# PlayStation Vue is a cloud-powered broadcast TV service that launches in early 2015



## Athlon646464 (Feb 23, 2007)

*PlayStation Vue is a cloud-powered broadcast TV service that launches in early 2015*

(engadget.com) - Oh good, another subscription service, you might already be thinking. However, Sony has already signed up some major networks and players (Fox, CBS, Viacom and ABC, for starters) and a no-contract setup: you'll pay month by month -- like how you pay for Netflix. The tie-ups will also include the ability to record programs, as well as play selected on-demand content. Beta testers will see around 75 channels of content, including local networks, when tests start later this month, although there's one proviso: they have to live in NYC, before it rolls out to Chicago, Philadelphia and LA. For the rest of us, the entire service is set to go live in early 2015....

Full Story Here


----------



## acostapimps (Nov 6, 2011)

If more and more major networks and streaming devices come up with developing apps and services to watch
for a small monthly price, Pay TV could ultimately become a thing of the past.
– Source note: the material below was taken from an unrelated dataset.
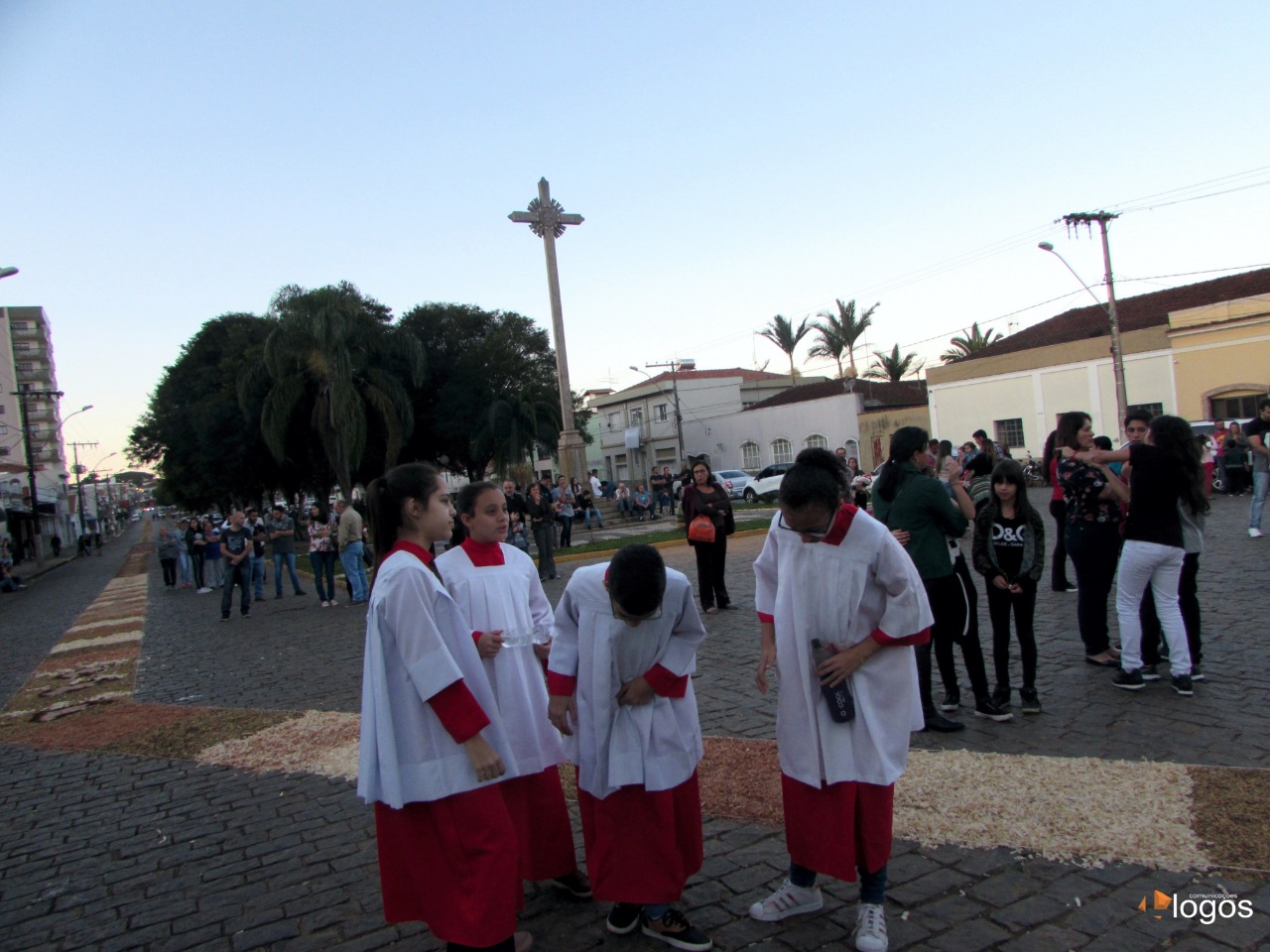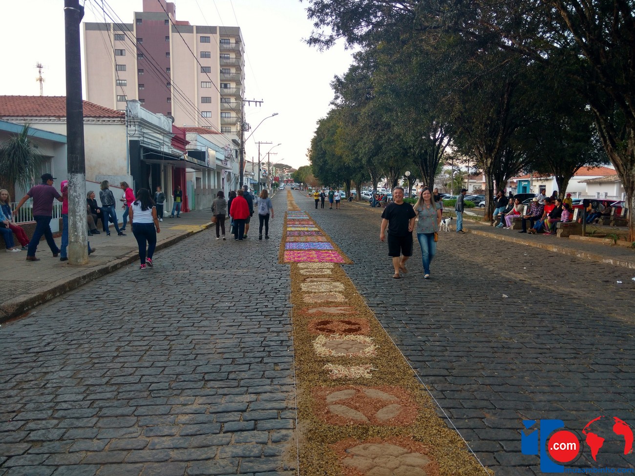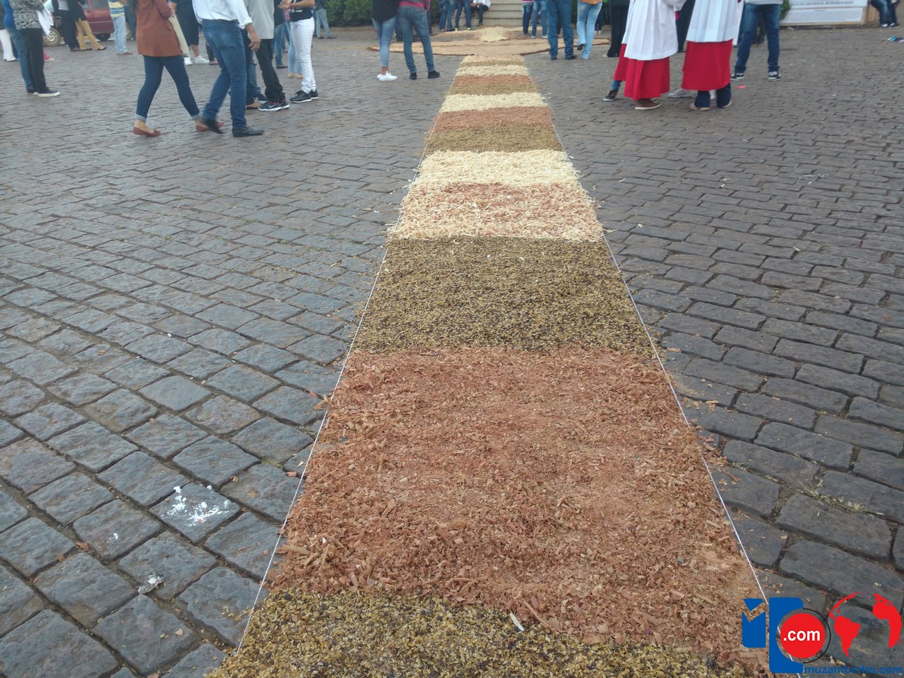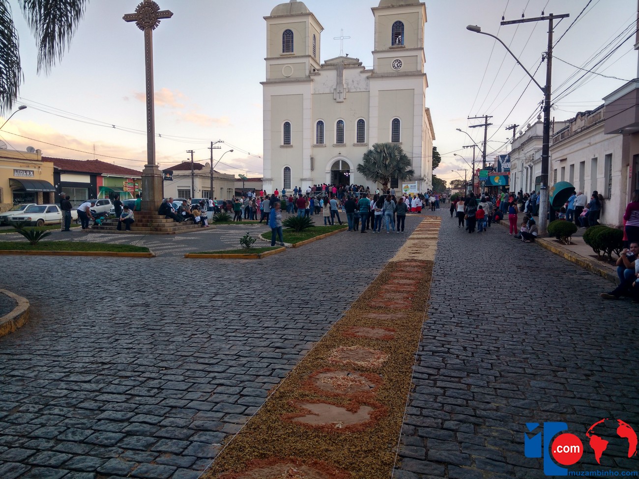 Durante o dia os fiéis se dedicaram a confecção dos tapetes que já é tradição dos católicos pelas ruas das cidades, em Muzambinho a Missa e Procissão acontece no final do dia, percorrendo o trajeto que foi demarcado com os tapetes decorando as ruas por onde a procissão deve passar.

Of course it all depends on age demographics which usually from the young generation to people in their 30's and 40's and even 50's
would most likely cut the cord in favor of streaming.

60's and above who may or may not know about streaming on devices would probably stay with traditional pay TV services.


----------



## Rob (Apr 23, 2002)

I thought the Vue was a coffee maker. "It's a coffee brewer! It's a tv subscription" "coffee brewer!", "tv subscription!"


----------